*Work order:*
Could you copy exactly the lines below from the one with "Inspirada en la" to the one with "在废墟水池中间,有一个蓝色的", inclusive, leaving out any pictures?

*Records excerpted from a collection:*

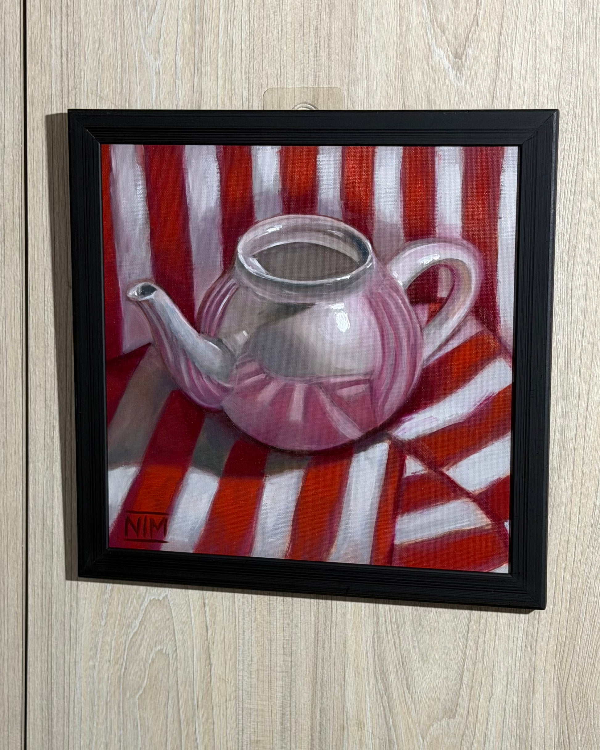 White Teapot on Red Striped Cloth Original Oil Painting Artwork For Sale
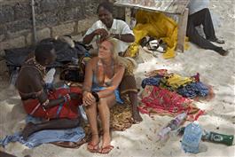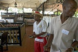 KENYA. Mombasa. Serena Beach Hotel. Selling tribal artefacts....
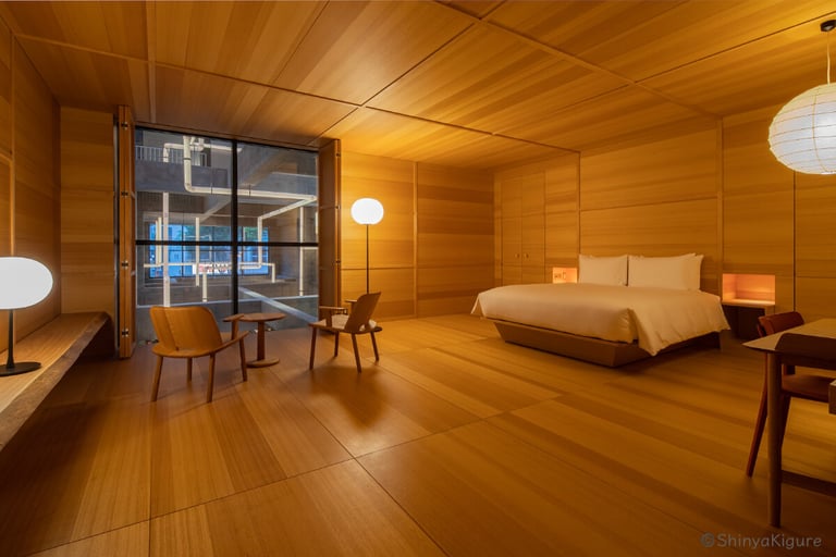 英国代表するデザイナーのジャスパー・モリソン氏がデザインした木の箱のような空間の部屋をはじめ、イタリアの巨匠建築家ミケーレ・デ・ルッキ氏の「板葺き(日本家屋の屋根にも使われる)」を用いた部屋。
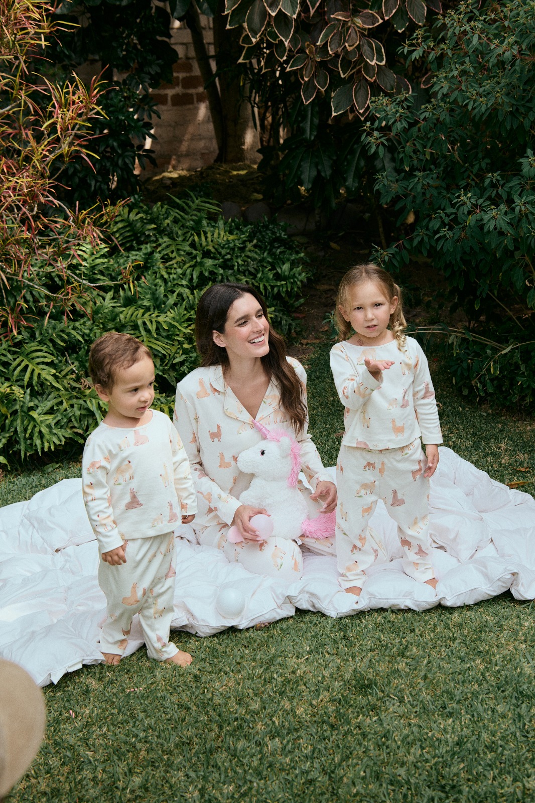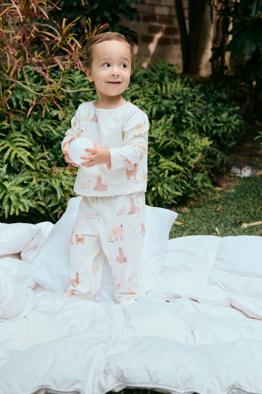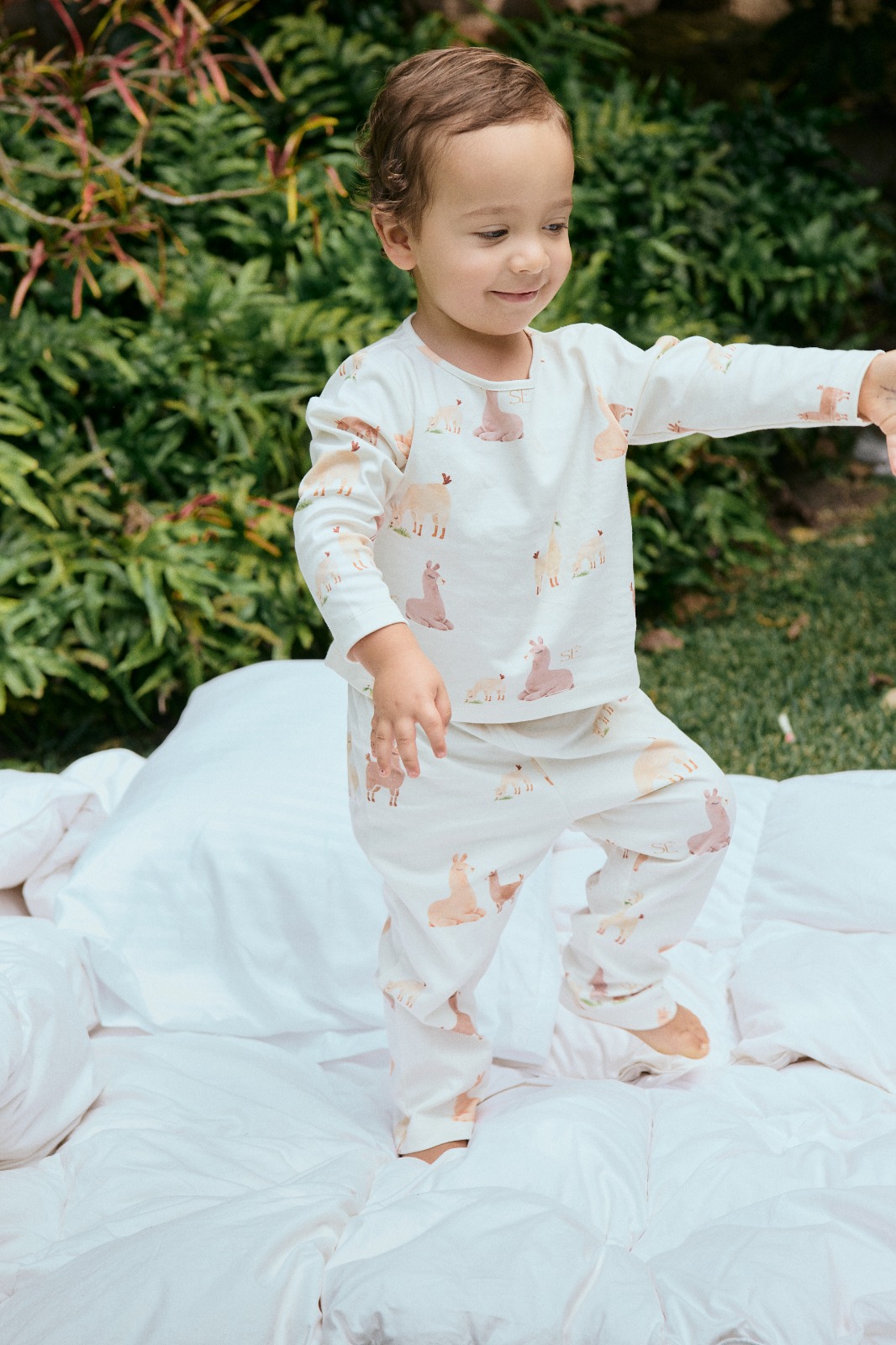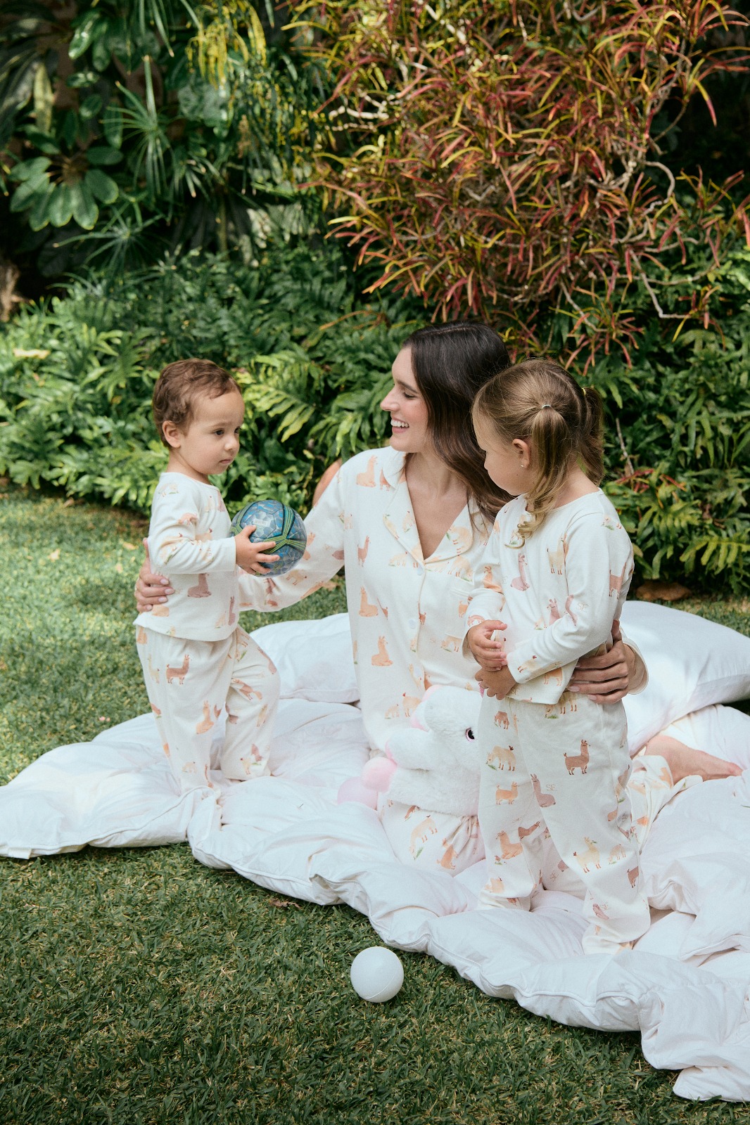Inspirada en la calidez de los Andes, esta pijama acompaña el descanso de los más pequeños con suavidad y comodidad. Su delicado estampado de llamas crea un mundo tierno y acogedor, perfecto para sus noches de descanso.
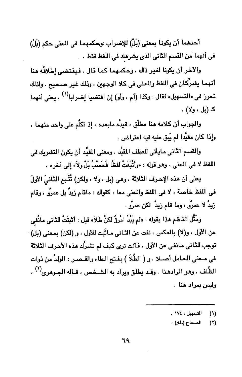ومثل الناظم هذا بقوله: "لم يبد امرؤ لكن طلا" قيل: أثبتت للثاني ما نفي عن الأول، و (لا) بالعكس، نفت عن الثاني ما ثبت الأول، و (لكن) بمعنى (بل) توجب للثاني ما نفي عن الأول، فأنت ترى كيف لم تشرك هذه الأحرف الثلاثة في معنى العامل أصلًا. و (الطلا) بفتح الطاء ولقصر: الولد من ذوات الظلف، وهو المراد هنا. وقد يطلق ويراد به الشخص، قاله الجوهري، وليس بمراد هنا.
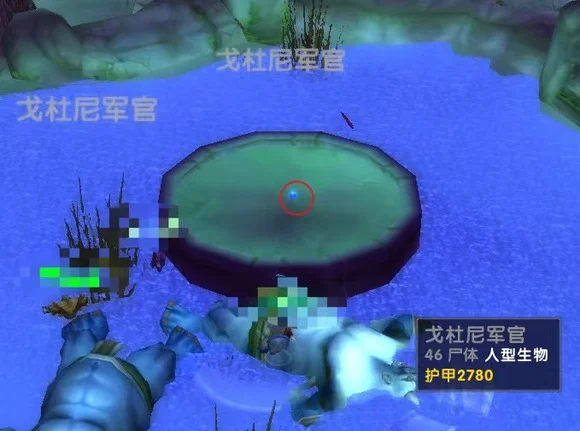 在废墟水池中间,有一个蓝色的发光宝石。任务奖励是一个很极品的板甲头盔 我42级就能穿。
...
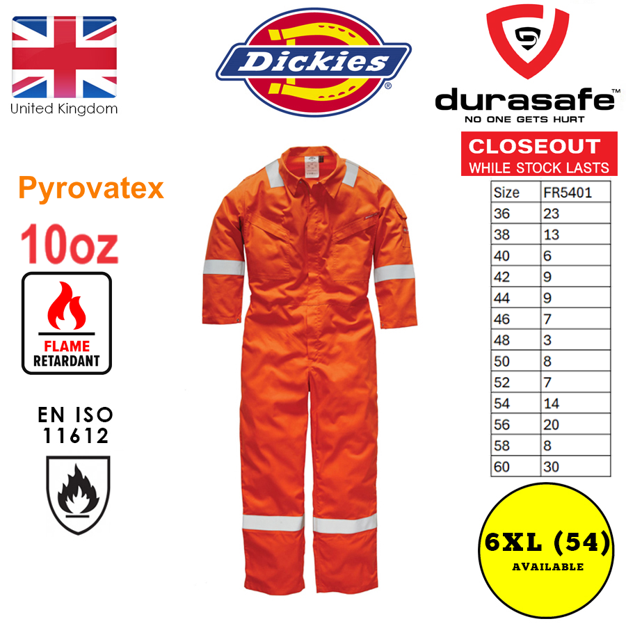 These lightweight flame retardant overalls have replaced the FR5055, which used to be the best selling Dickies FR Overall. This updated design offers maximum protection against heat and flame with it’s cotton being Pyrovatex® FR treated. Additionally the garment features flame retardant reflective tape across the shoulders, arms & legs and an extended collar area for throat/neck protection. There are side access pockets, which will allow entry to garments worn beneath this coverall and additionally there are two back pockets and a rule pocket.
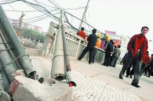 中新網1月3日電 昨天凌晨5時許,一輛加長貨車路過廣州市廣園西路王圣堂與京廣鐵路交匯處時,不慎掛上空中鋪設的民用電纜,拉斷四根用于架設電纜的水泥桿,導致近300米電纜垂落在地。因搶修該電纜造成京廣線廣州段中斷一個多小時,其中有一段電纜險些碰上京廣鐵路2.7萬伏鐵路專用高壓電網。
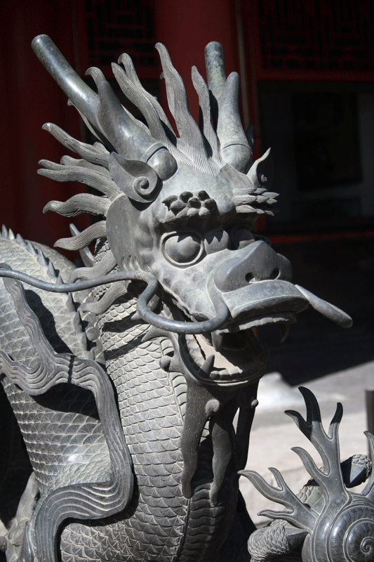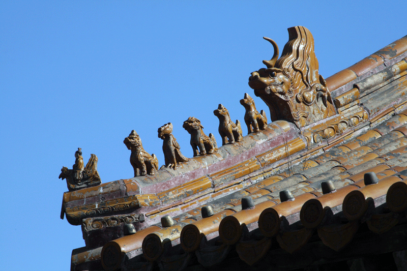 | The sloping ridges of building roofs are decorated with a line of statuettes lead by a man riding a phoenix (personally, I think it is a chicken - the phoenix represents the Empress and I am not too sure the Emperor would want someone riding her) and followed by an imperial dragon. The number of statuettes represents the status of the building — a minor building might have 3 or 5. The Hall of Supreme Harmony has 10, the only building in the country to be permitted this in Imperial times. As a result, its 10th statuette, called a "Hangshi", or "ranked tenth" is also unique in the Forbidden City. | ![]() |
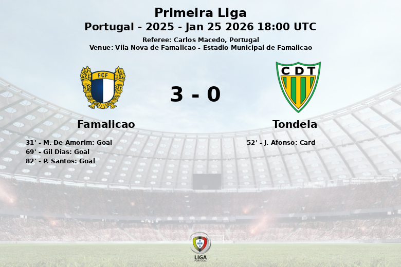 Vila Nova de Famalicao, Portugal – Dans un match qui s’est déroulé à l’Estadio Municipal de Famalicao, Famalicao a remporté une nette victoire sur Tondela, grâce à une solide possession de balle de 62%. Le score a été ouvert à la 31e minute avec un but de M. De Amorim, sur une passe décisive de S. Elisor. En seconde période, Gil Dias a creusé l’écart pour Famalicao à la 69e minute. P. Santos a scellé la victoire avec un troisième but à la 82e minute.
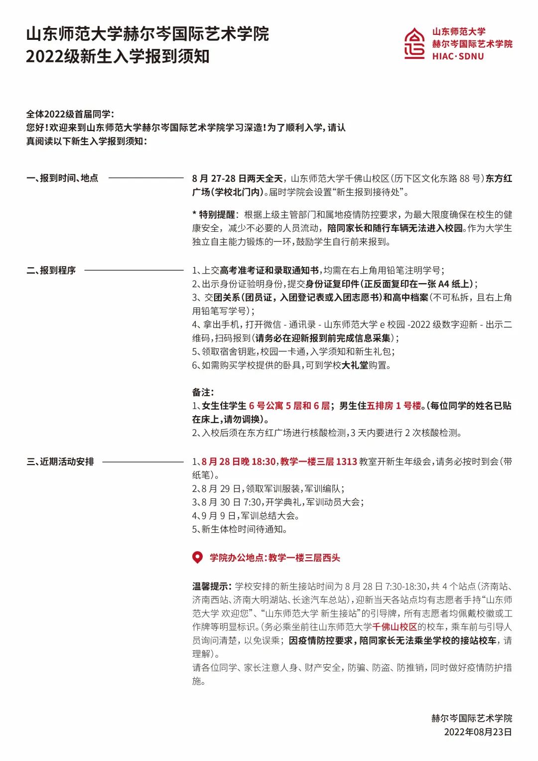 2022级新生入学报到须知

*Written solution:*
Inspirada en la calidez de los Andes, esta pijama acompaña el descanso de los más pequeños con suavidad y comodidad. Su delicado estampado de llamas crea un mundo tierno y acogedor, perfecto para sus noches de descanso.
ومثل الناظم هذا بقوله: "لم يبد امرؤ لكن طلا" قيل: أثبتت للثاني ما نفي عن الأول، و (لا) بالعكس، نفت عن الثاني ما ثبت الأول، و (لكن) بمعنى (بل) توجب للثاني ما نفي عن الأول، فأنت ترى كيف لم تشرك هذه الأحرف الثلاثة في معنى العامل أصلًا. و (الطلا) بفتح الطاء ولقصر: الولد من ذوات الظلف، وهو المراد هنا. وقد يطلق ويراد به الشخص، قاله الجوهري، وليس بمراد هنا.
 在废墟水池中间,有一个蓝色的发光宝石。任务奖励是一个很极品的板甲头盔 我42级就能穿。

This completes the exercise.